DOVER BEACH
Matthew Arnold (1822-1888)

As I said four weeks ago in the introduction toYeats' poem "When You Are Old," I am a sucker for a good love poem. And this is one of the best. As well it should be, since Arnold is said to have written it in on his honeymoon in 1851.

When I started this poem-a-week thing, I had intended to avoid the so-called classics; poems that appear in anthologies with titles like, "Everyone's Favorite Poems." But that is difficult to do with Matthew Arnold. He is, after all, one of most widely read of the old Victorian poets, so any one of his many great poems could show up in an anthology of classics. And anyway, this is a terrific poem; one of my favorites; and it deserves to be here.

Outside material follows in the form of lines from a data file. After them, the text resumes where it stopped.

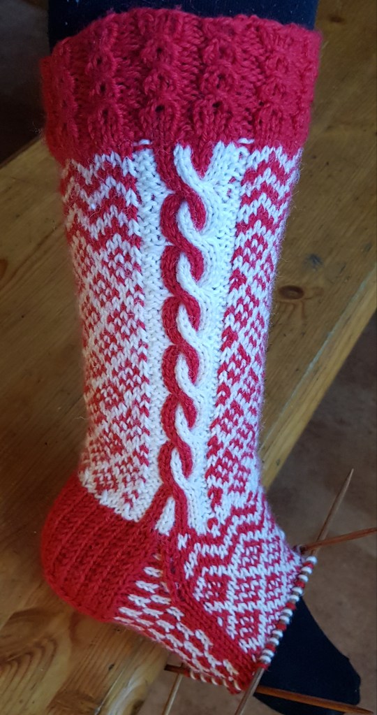 Punaisen raidan jälkeen tein vielä kerroksen pelkällä valkoisella niin, että lähdin siitä tekemään kantalappua. Kantalapun ja sen kavennusten valmistuttua lähdin kutomaan uudelleen kaavion kerroksia 2-11 tehden samalla kiilakavennuksia kantapäässä. Kantapään kavennuksia jatkoin niin kauan, että lopullinen silmukkamäärä oli 56.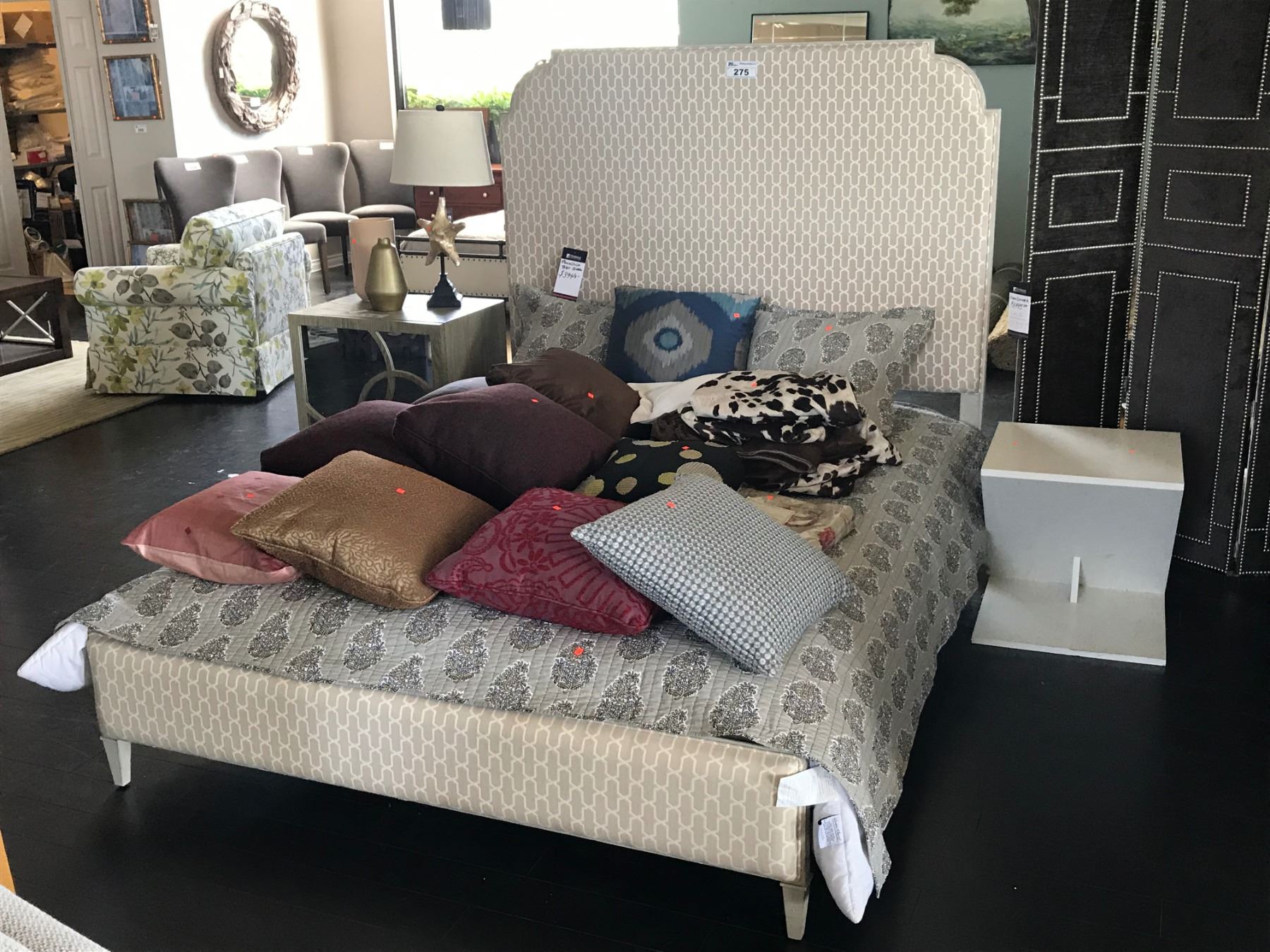 QUEEN SIZED PILLOW BACK FABRIC HEADBOARD BED WITH NIGHT STAND, MATTRESS, BLANKETS & THROW PILLOWS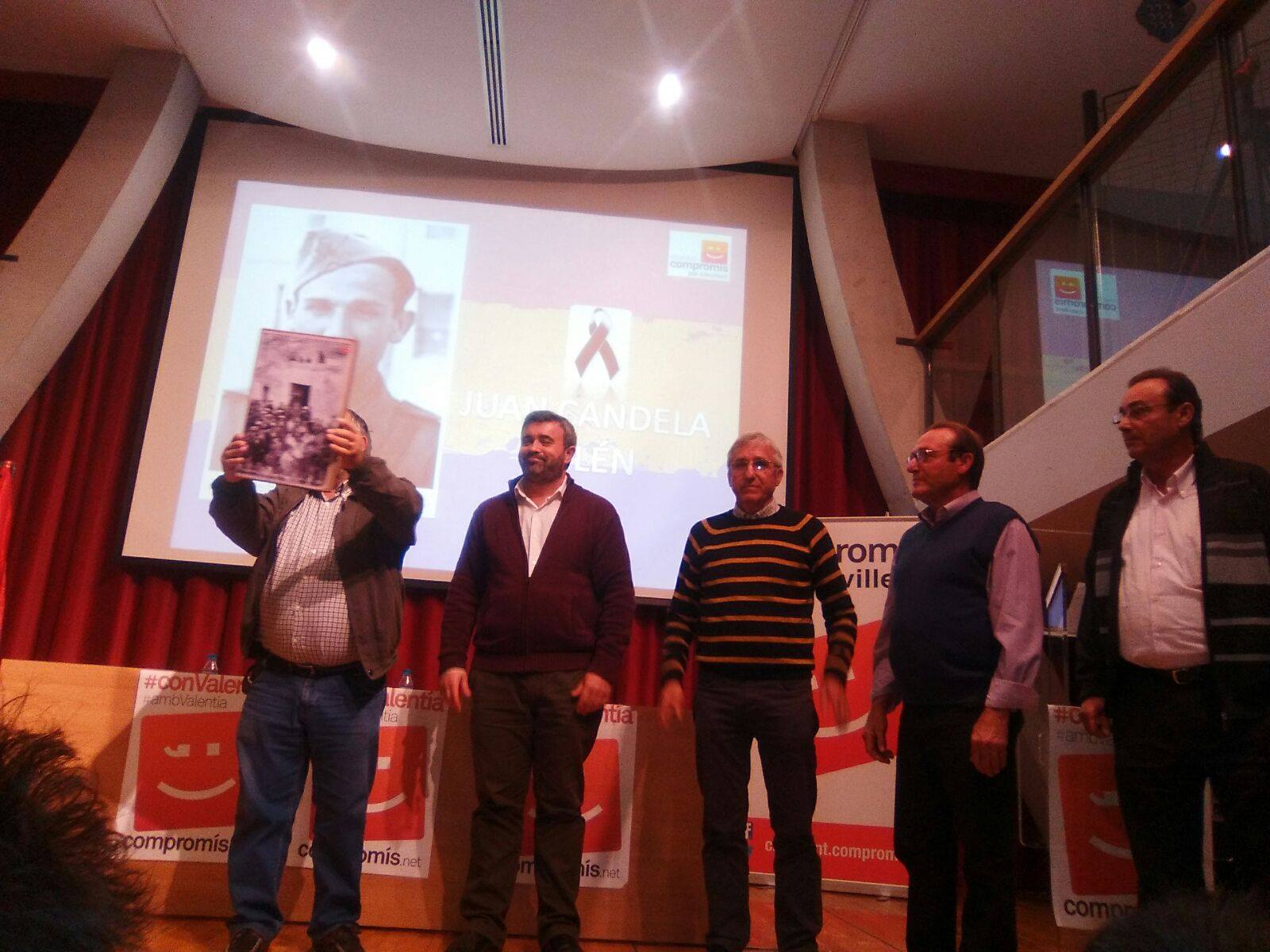 Diego Mas i José Manuel Penalva, realitzaren l’homenatge a Juan Candela, milicià crevillentí que va morir fa pocs dies, i a Vicente Illán Belén, que amb els seus 99 anys va recollir la senya commemorativa. Aquesta part va ser molt emotiva per a tot el públic i especialment per als familiars assistents.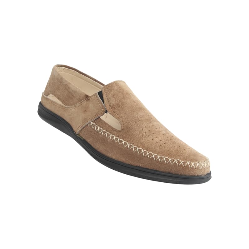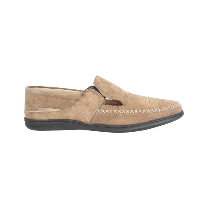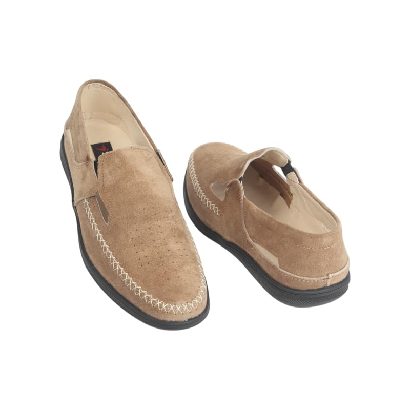 Generic - حذاء شمواه مسطح بسطح مخرم مصنوع من الجلد الطبيعي للرجال - موديل 539، مقاس 41 EU، لون بيج

There isn't much to say about Arnold himself. He went to college, got a job, married, had children, began writing poetry at a early age, and was so successful at it that he became Professor of Poetry at Oxford at the age of 36. Oddly enough, he quit writing poetry at that time, and turned to writing prose commentaries on literary, political and religious issues of the day, for which he became exceedingly well known. He also wrote extensively about education, having taken a job as an inspector of schools. With that said, here's a great love poem. Enjoy. God willing, we'll visit Arnold's work again in these pages. There are many more wonderful poems by him to read and enjoy.

Dover Beach

The sea is calm to-night.
The tide is full, the moon lies fair
Upon the straits; - on the French coast the light
Gleams and is gone; the cliffs of England stand,
Glimmering and vast - out in the tranquil bay.
Come to the window, sweet is the night-air!
Only, from the long line of spray
Where the sea meets the moon-blanch'd land,
Listen! You hear the grating roar
Of pebbles which the waves draw back, and fling,
At their return, up the high strand,
Begin, and cease, and then again begin,
With tremulous cadence slow, and bring
The eternal note of sadness in.

Sophocles long ago
Heard it on the Aegaean, and it brought
Into his mind the turbid ebb and flow
Of human misery; we
Find also in the sound a thought,
Hearing it by this distant northern sea.

The Sea of Faith
Was once, too, at the full, and round earth's shore
Lay like the folds of a bright girdle furl'd.
But now I only hear
Its melancholy, long, withdrawing roar,
Retreating, to the breath
Of the night-wind, down the vast edges drear
And naked shingles of the world.

Ah, love, let us be true
To one another! for the world, which seems
To lie before us like a land of dreams,
So various, so beautiful, so new,
Hath really neither joy, nor love; nor light,
Nor certitude, nor peace, nor help for pain;
And. we are here as on a darkling plain
Swept with confused alarms of struggle and flight,
Where ignorant armies clash by night.